■ The task ■
All lines from the top of the records below through the line holding "Rhinestone knit maxi dress The", and only those, should be printed exactly, minus the pictures.

++++ Dataset records

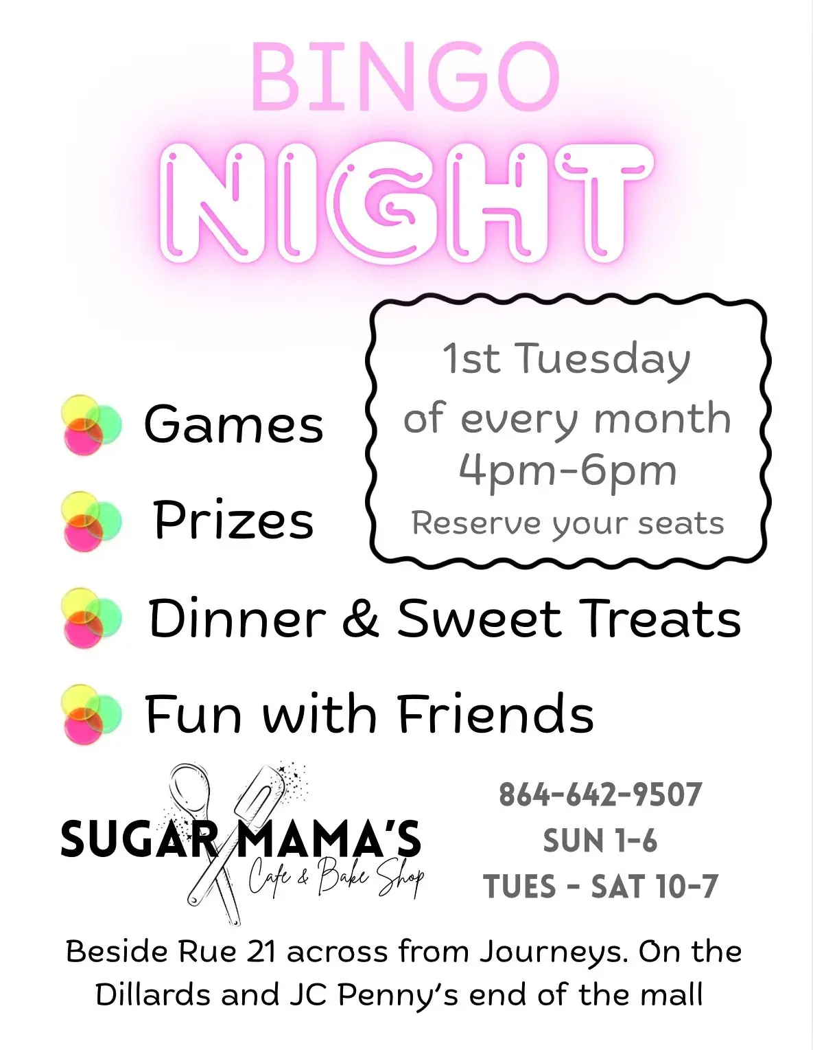 Sugar Mama’s Bakery is hosting a Family Fun Bingo Night, FREE for all ages! Bring the whole family and enjoy an evening of games, prizes, and lots of fun with friends. Dinner and sweet treats will be available for purchase.
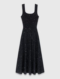 Rhinestone knit maxi dress The energy of the city inspires a dazzling, sophisticated and confident look, where every detail makes a difference. This maxi dress hugs the bust and flares out to the ankles, playing on the shine of the sequins and the subtle contrast of textures with its wide openwork band at the bottom. The square neckline and wide straps structure the silhouette. Enhance the waist with a chain belt with clover details, add an M bag and metallic pumps for a magnetic, urban look. - Flared rhinestone knit maxi dress - Fully embroidered with sparkling sequins - Wide fixed straps - Square neckline at the front and back The model is 5' 10 and wears a size FR 36. Reference: MFPRO04615_2517 Composition & care Main material: 72% polyester, 18% viscose, 6% polyamide, 4% metalized fibers Lining: 96% polyester, 4% elastane Rib: 91% viscose, 8% polyamide, 1% elastane Hand wash Do not bleach Do not tumble dry Iron at a maximum temperature of 110°C without steam Do not dry clean
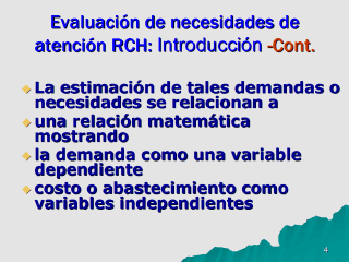 | En general, el concepto de evaluación de necesidades semeja una estimación de demandas para ciertos bienes o servicios. En términos económicos, demandas de bienes o servicios están unidos con el costo o abastecimiento. Estimación de la demanda en este sentido económico es una variable dependiente y el precio es una variable indpendiente o explicativa. |
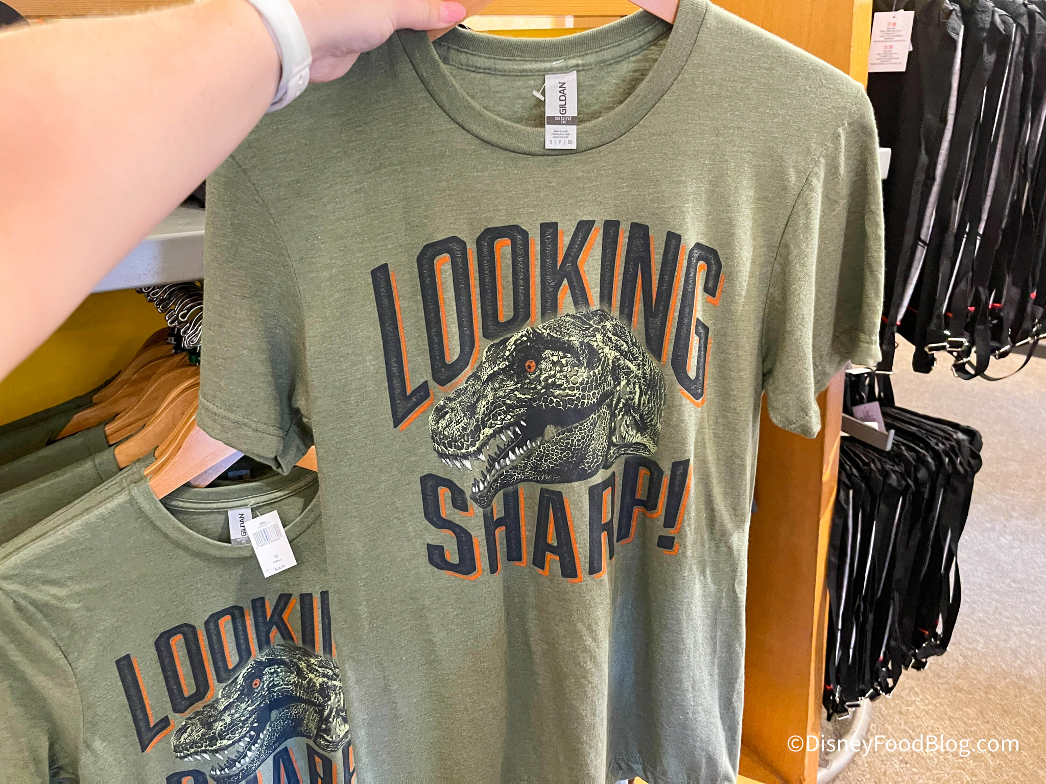 We spotted two new-to-us shirts in the Dino Institute Shop, which is the gift shop connected to the Dinosaur ride. First, we saw this shirt that has a picture of a T-Rex and says “Looking Sharp!” It is $24.99.
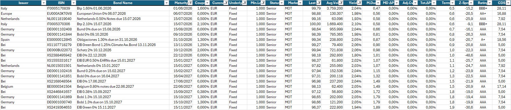 Selezione di governativi e sovranazionali area euro con scadenza entro il 2028, buona liquidità, prezzo sotto 100 e rendimento a scadenza almeno pari al 2,10% lordo annuo.
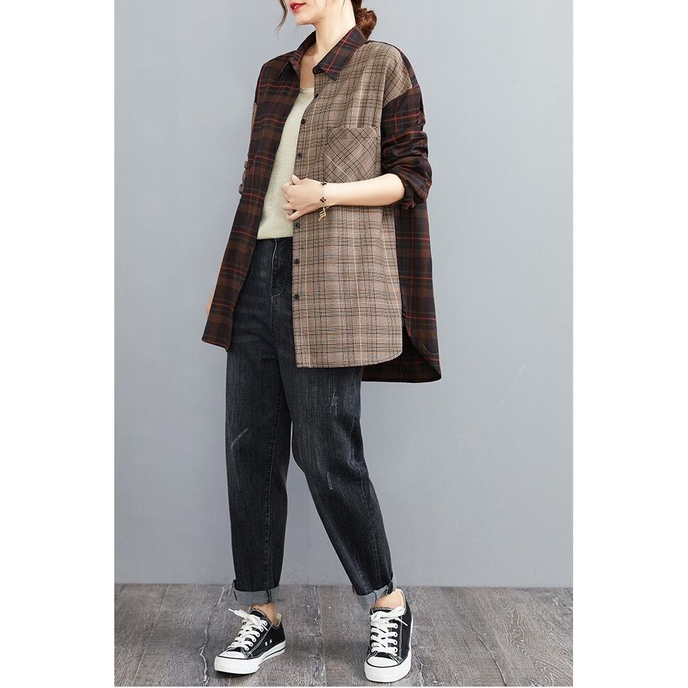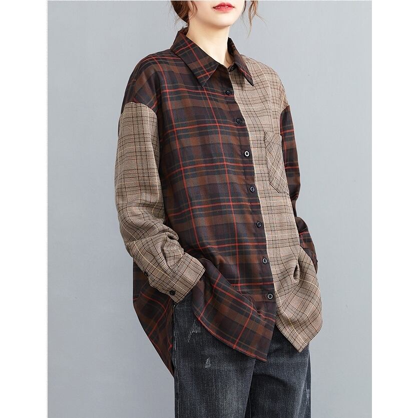チェック柄 ツートーン 長袖 カジュアル シャツ トップス コーデ 大きい サイズ レディース デニム コーデ セットアップ アウター カジュアル 大人 女子 お気に入り 通販 WOMEN 464

++++++++

■ Finished task ■
 Sugar Mama’s Bakery is hosting a Family Fun Bingo Night, FREE for all ages! Bring the whole family and enjoy an evening of games, prizes, and lots of fun with friends. Dinner and sweet treats will be available for purchase.
 Rhinestone knit maxi dress The energy of the city inspires a dazzling, sophisticated and confident look, where every detail makes a difference. This maxi dress hugs the bust and flares out to the ankles, playing on the shine of the sequins and the subtle contrast of textures with its wide openwork band at the bottom. The square neckline and wide straps structure the silhouette. Enhance the waist with a chain belt with clover details, add an M bag and metallic pumps for a magnetic, urban look. - Flared rhinestone knit maxi dress - Fully embroidered with sparkling sequins - Wide fixed straps - Square neckline at the front and back The model is 5' 10 and wears a size FR 36. Reference: MFPRO04615_2517 Composition & care Main material: 72% polyester, 18% viscose, 6% polyamide, 4% metalized fibers Lining: 96% polyester, 4% elastane Rib: 91% viscose, 8% polyamide, 1% elastane Hand wash Do not bleach Do not tumble dry Iron at a maximum temperature of 110°C without steam Do not dry clean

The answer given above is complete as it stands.